++++ Data for the task

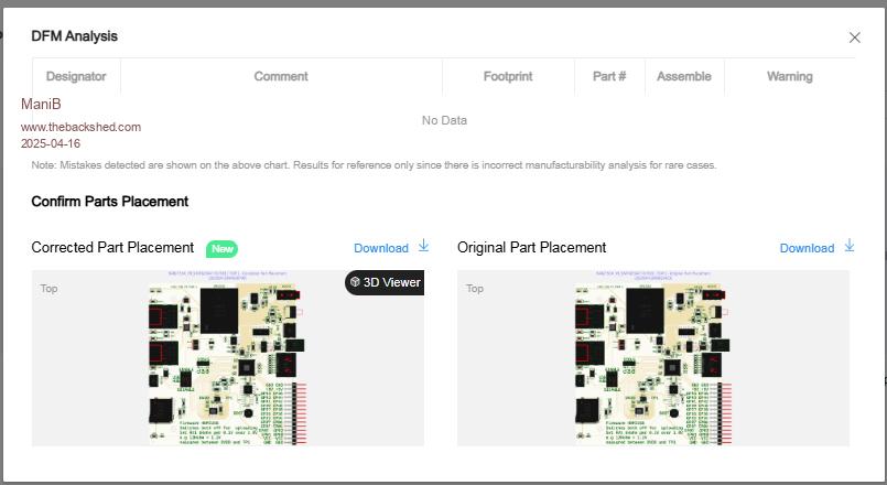 @Peter Mather I had a look at the DFM analysis of your board and downloaded the two pictures. I didn't notice any difference. ![]() But then I handed it over to AI Grok and asked to list the differences. This is the answer: The two images show printed circuit boards (PCBs) labeled "Corrected Part Placement" (20250412904500799) and "Original Part Placement" (2025041290823423). At first glance, they look very similar, but there are some differences I can identify: 1. Component placement at C85 (top left): In the "Corrected" image, C85 (near PORT4) is present. In the "Original" image, C85 is either missing or not populated. 2. Labeling at SW16 (USB HUB): In the "Corrected" image, the "ENABLE" label at SW16 is clearly visible. In the "Original" image, the "ENABLE" label at SW16 appears less clear or is missing. 3. Resistor R33 (top right): In the "Corrected" image, R33 (near the AUDIO label) is present. In the "Original" image, R33 is either missing or not populated. 4. Component C104 (right center): In the "Corrected" image, C104 (near U21) is present. In the "Original" image, C104 is either missing or not populated. 5. Labeling at U24 (center right): In the "Corrected" image, the labeling at U24 (near C107) is clearer and more distinct. In the "Original" image, the labeling at U24 is less clear. Contextual Interpretation: Since the "Corrected" image is marked as a corrected version, the differences suggest that missing or incorrectly placed components (like C85, R33, C104) were added or fixed. The clearer labels might also indicate revised documentation or an improved layout. Conclusion: The differences are subtle but mainly involve the addition or correction of components and the clarity of labels. The "Corrected" image appears to be an improved version of the "Original" image, which aligns with the title. ![]() |
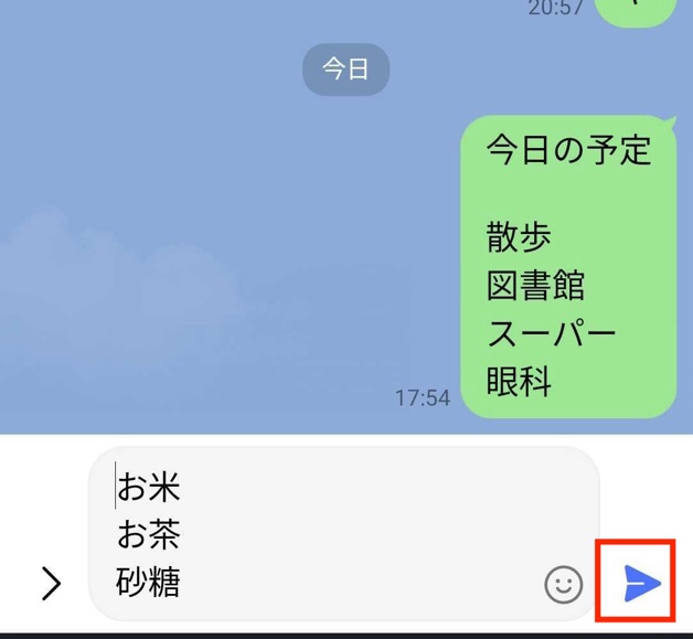 2.例えば「お米、お茶、砂糖」など、買いたい物を入力して「紙飛行機」アイコンをタップして送信します。
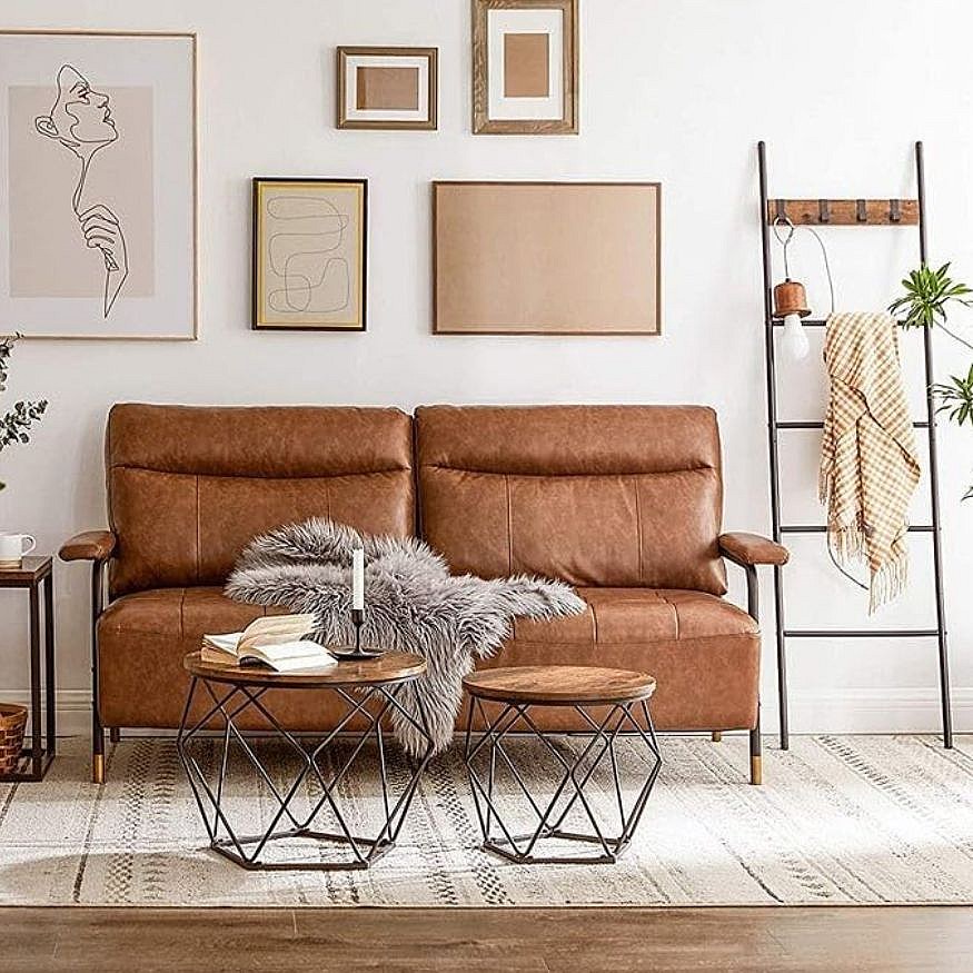 Tavolini caffè Valora Rustic Brown x2 struttura acciaio stile loft
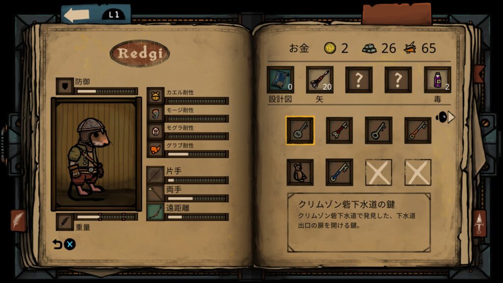 武器に関しては片手武器の方は兎に角軽いもの、攻撃は基本両手武器で行うので使わず重量に関わらないものを装備している。
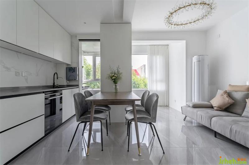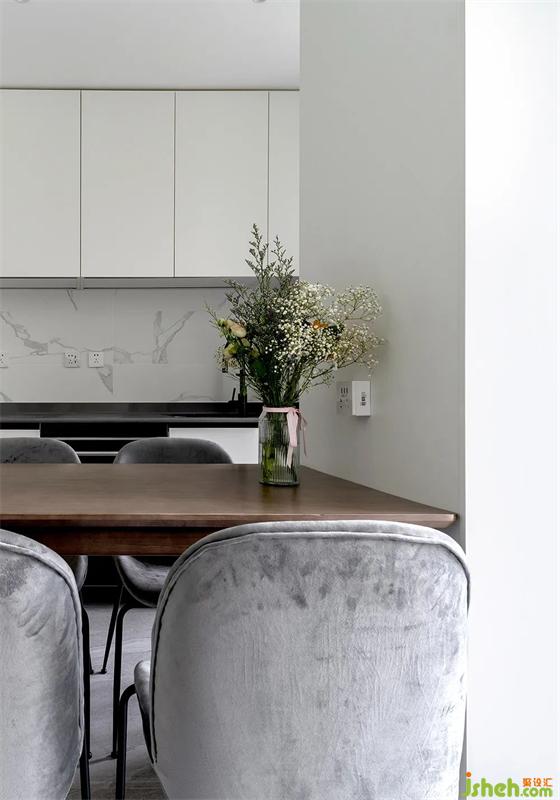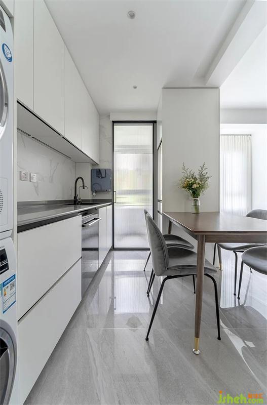 把煙機灶具外移到陽臺,還增加一墩廚房面積,極窄長虹玻璃移門隔絕油煙。爵士白墻磚與灰色啞光臺面,搭配白色愛格板櫥柜,潔白明亮的空間體現(xiàn)現(xiàn)代質(zhì)感。
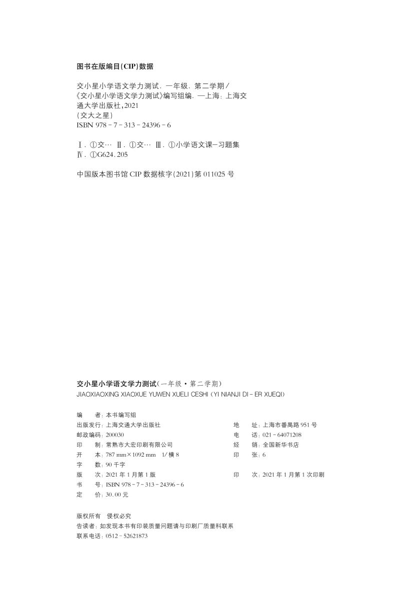 (仓发) 交小星小学语文学力测试 一年级1年级 第二学期 上海同步 交大之星/上海交通大学出版社/9787313243966
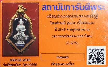 เหรียญท้าวเวสสุวรรณ ( รุ่นแรก ) หลวงพ่ออิฎฐ์ วัดจุฬามณี ปี 2545 เลื่อมทองสั่งทำหนาๆ เปอร์เซ็นต์สูง 82% (ประมาณ 5.34 กรัม) พร้อมบัตรรับรองครับ
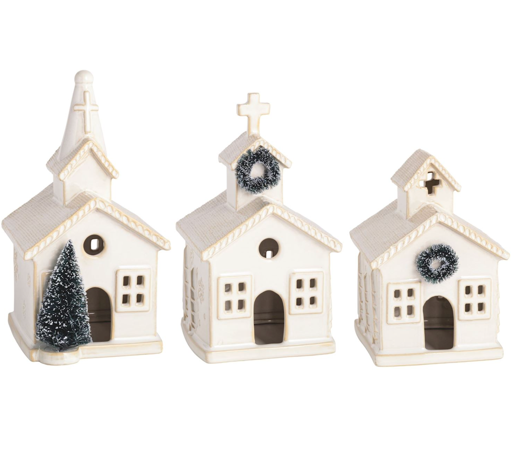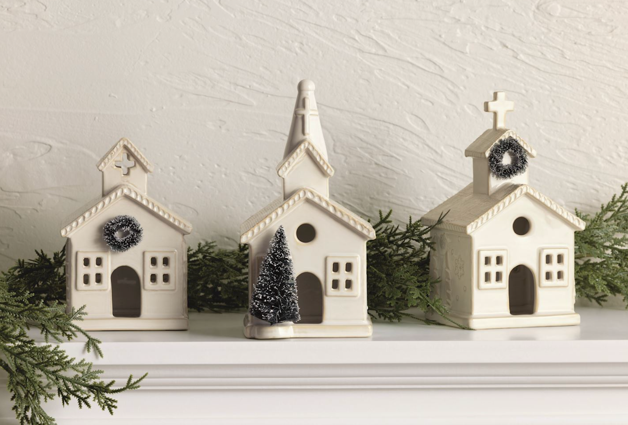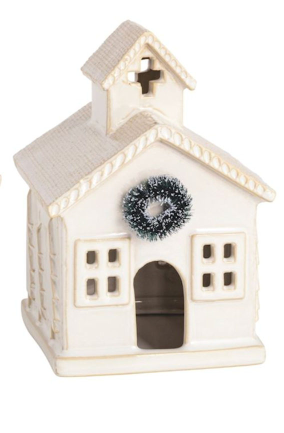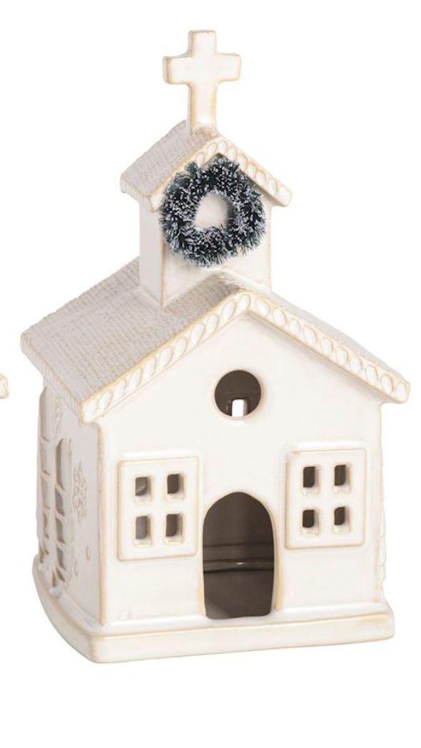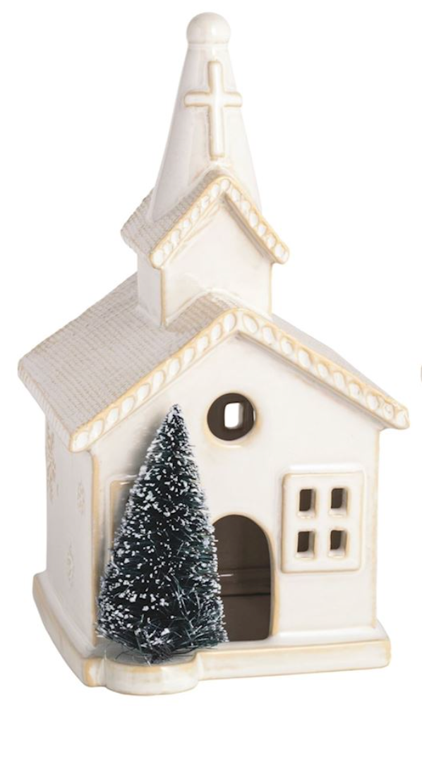 Milk glazed stoneware church sitter features bottle brush wreath or tree detail and pierced openings for light to shine through. Place over flameless tea light to light it up!
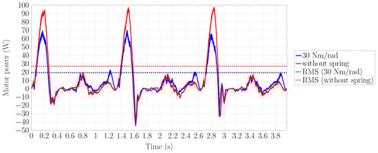 Motor power of the rigid actuator and PEA with 30Nm/rad spring (Eq. Position 20).
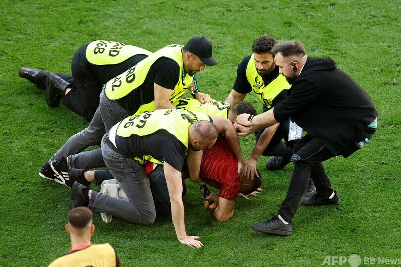 22日の試合では、ロナウドへ近づく侵入者を止めようとした警備員が、ポルトガルのゴンサロ・ラモス(Goncalo Ramos)と衝突する場面もあった。
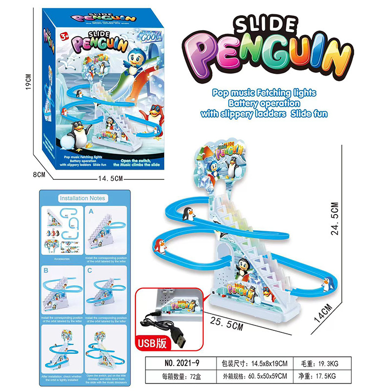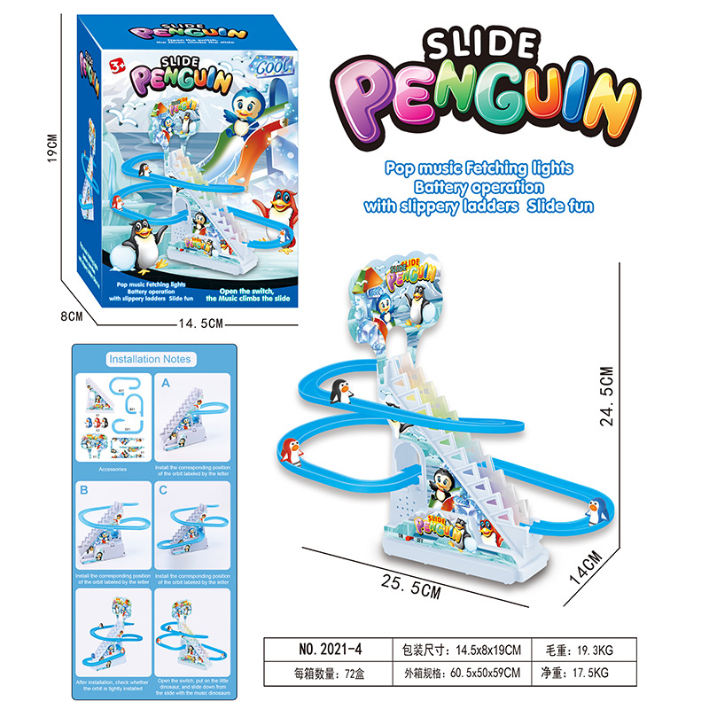 틱톡 동일 모델 작은 펭귄 교육용 장난감 3~6세 어린이용 트랙카 전동 계단 오르기 장난감 해외 전용
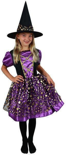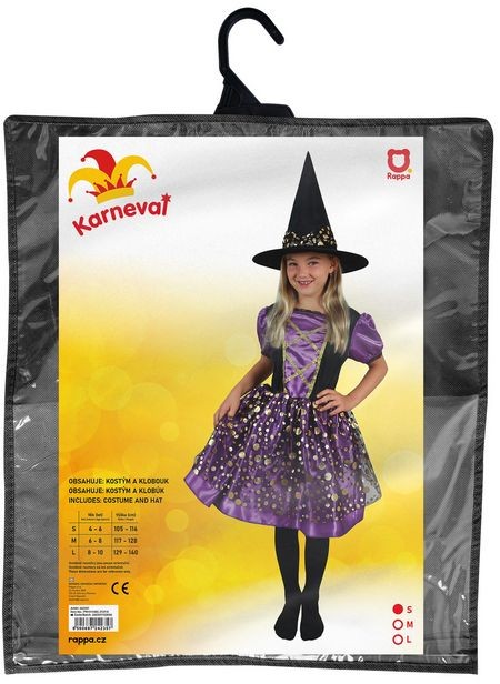Popis Dětský kostým čarodějnice, fialovo-černá(S)

++++++++

(Exercise prompt) Please output the records exactly, leaving the pictures out.

(Answer space)
 @Peter Mather I had a look at the DFM analysis of your board and downloaded the two pictures. I didn't notice any difference. ![]() But then I handed it over to AI Grok and asked to list the differences. This is the answer: The two images show printed circuit boards (PCBs) labeled "Corrected Part Placement" (20250412904500799) and "Original Part Placement" (2025041290823423). At first glance, they look very similar, but there are some differences I can identify: 1. Component placement at C85 (top left): In the "Corrected" image, C85 (near PORT4) is present. In the "Original" image, C85 is either missing or not populated. 2. Labeling at SW16 (USB HUB): In the "Corrected" image, the "ENABLE" label at SW16 is clearly visible. In the "Original" image, the "ENABLE" label at SW16 appears less clear or is missing. 3. Resistor R33 (top right): In the "Corrected" image, R33 (near the AUDIO label) is present. In the "Original" image, R33 is either missing or not populated. 4. Component C104 (right center): In the "Corrected" image, C104 (near U21) is present. In the "Original" image, C104 is either missing or not populated. 5. Labeling at U24 (center right): In the "Corrected" image, the labeling at U24 (near C107) is clearer and more distinct. In the "Original" image, the labeling at U24 is less clear. Contextual Interpretation: Since the "Corrected" image is marked as a corrected version, the differences suggest that missing or incorrectly placed components (like C85, R33, C104) were added or fixed. The clearer labels might also indicate revised documentation or an improved layout. Conclusion: The differences are subtle but mainly involve the addition or correction of components and the clarity of labels. The "Corrected" image appears to be an improved version of the "Original" image, which aligns with the title. ![]() |
 2.例えば「お米、お茶、砂糖」など、買いたい物を入力して「紙飛行機」アイコンをタップして送信します。
 Tavolini caffè Valora Rustic Brown x2 struttura acciaio stile loft
 武器に関しては片手武器の方は兎に角軽いもの、攻撃は基本両手武器で行うので使わず重量に関わらないものを装備している。
 把煙機灶具外移到陽臺,還增加一墩廚房面積,極窄長虹玻璃移門隔絕油煙。爵士白墻磚與灰色啞光臺面,搭配白色愛格板櫥柜,潔白明亮的空間體現(xiàn)現(xiàn)代質(zhì)感。
 (仓发) 交小星小学语文学力测试 一年级1年级 第二学期 上海同步 交大之星/上海交通大学出版社/9787313243966
 เหรียญท้าวเวสสุวรรณ ( รุ่นแรก ) หลวงพ่ออิฎฐ์ วัดจุฬามณี ปี 2545 เลื่อมทองสั่งทำหนาๆ เปอร์เซ็นต์สูง 82% (ประมาณ 5.34 กรัม) พร้อมบัตรรับรองครับ
 Milk glazed stoneware church sitter features bottle brush wreath or tree detail and pierced openings for light to shine through. Place over flameless tea light to light it up!
 Motor power of the rigid actuator and PEA with 30Nm/rad spring (Eq. Position 20).
 22日の試合では、ロナウドへ近づく侵入者を止めようとした警備員が、ポルトガルのゴンサロ・ラモス(Goncalo Ramos)と衝突する場面もあった。
 틱톡 동일 모델 작은 펭귄 교육용 장난감 3~6세 어린이용 트랙카 전동 계단 오르기 장난감 해외 전용
Popis Dětský kostým čarodějnice, fialovo-černá(S)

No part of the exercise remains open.